The group has since used its advanced anti-aircraft capabilities, presumed to be the Saqr-1 or Saqr-2, to shoot down over a dozen U.S. MQ-9 drones since October 2023. 88 Each MQ-9 carries a price tag between $14 million and $30 million.89 The Houthis may have even used the Saqr, or some variation of it, to take the exceptionally provocative step of targeting an American F-16 in February 202590 despite the informal temporary ceasefire in place at that time.
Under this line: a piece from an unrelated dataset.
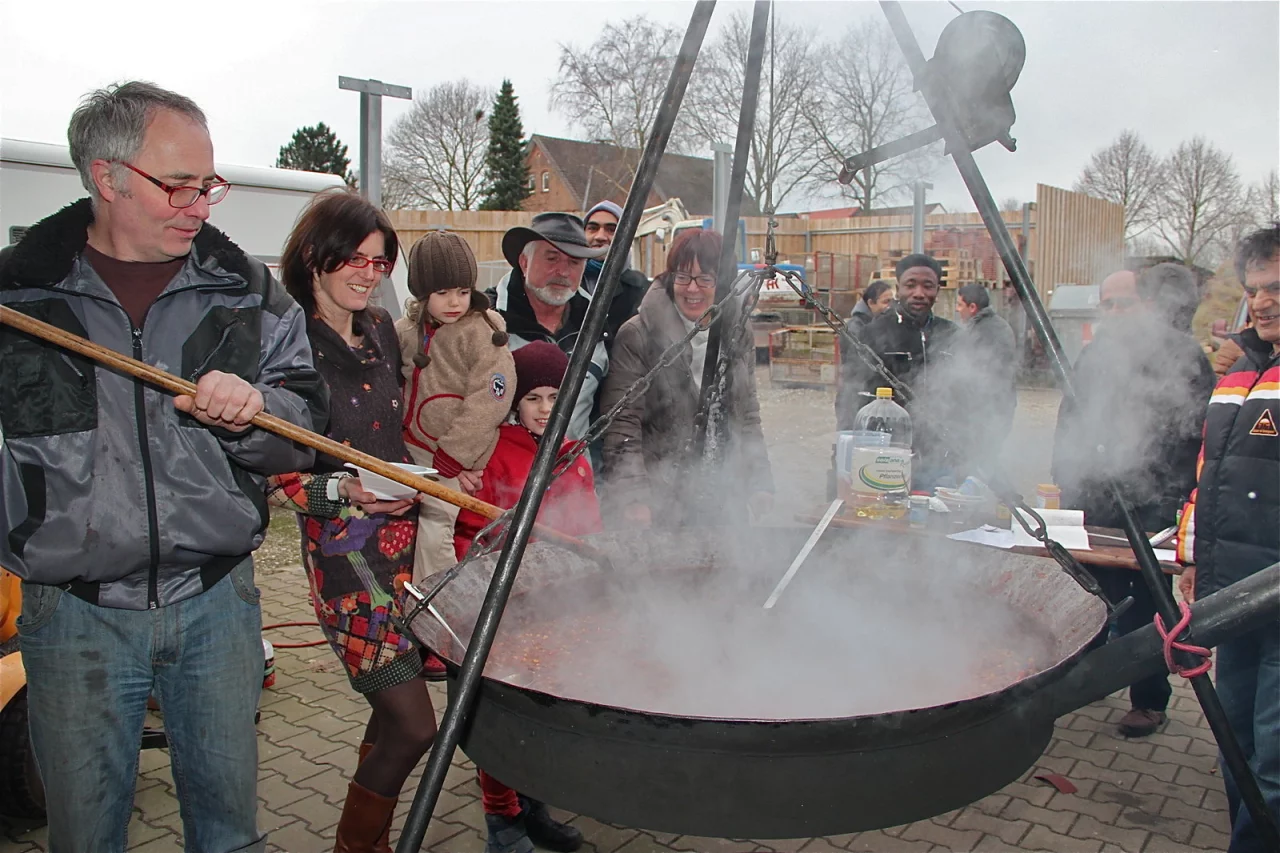 Bei der Vorbereitung konnten die Familien Wegener und Krein auf zahlreiche fleißige Helfer der Kirchengemeinde zählen. Auch die Asylbewerber packten kräftig mit an. "Die Idee ist, dass sich niemand einfach an den gemachten Tisch setzt, sondern aktiv mitarbeitet," betonte Erhard Wegener, während er die verschiedenen Aufgaben verteilte. Gemeinschaftlich wurden Berge von Gemüse geschnippelt, Tische dekoriert und an der Feuerstelle wurde ordentlich eingeheizt. Kinder unterschiedlicher Herkunft spielten auf dem großen Hof und unterhielten sich mit Händen und Füßen. "Bei ihnen sind die Berührungsängste deutlich geringer als bei uns Erwachsenen", unterstrich Wegener mit Blick auf die zahlreichen Nationalitäten, die hier zusammentrafen.

The Assault on Israel and International Shipping

After Hamas’s October 7, 2023, attack on Israel, the Houthis initiated an aggressive campaign to target both Israeli territory and international shipping. On October 19, the group launched the first of many barrages of drones and missiles at Eilat.91 On November 14, Abdelmalik al-Houthi threatened to strike Israel-linked ships in the Red Sea.92 Several days later, the group hijacked the Galaxy Leader, a ship with partial Israeli ownership.93 The ship and its 25-member crew — mostly Philippine nationals, with no Israelis among them — remained in Houthi custody for an extended period and served as a “tourist attraction” 94 for the Houthi regime.95

Members of the Galaxy Leader’s crew sit on chairs while meeting a delegation of the International Red Cross on the ship in the Red Sea off Hodeidah, Yemen, on May 12, 2024. The vessel was taken over by the Houthis on November 19, 2023, including its multi-nationality 25 crew members. (Photo by Mohammed Hamoud/Getty Images)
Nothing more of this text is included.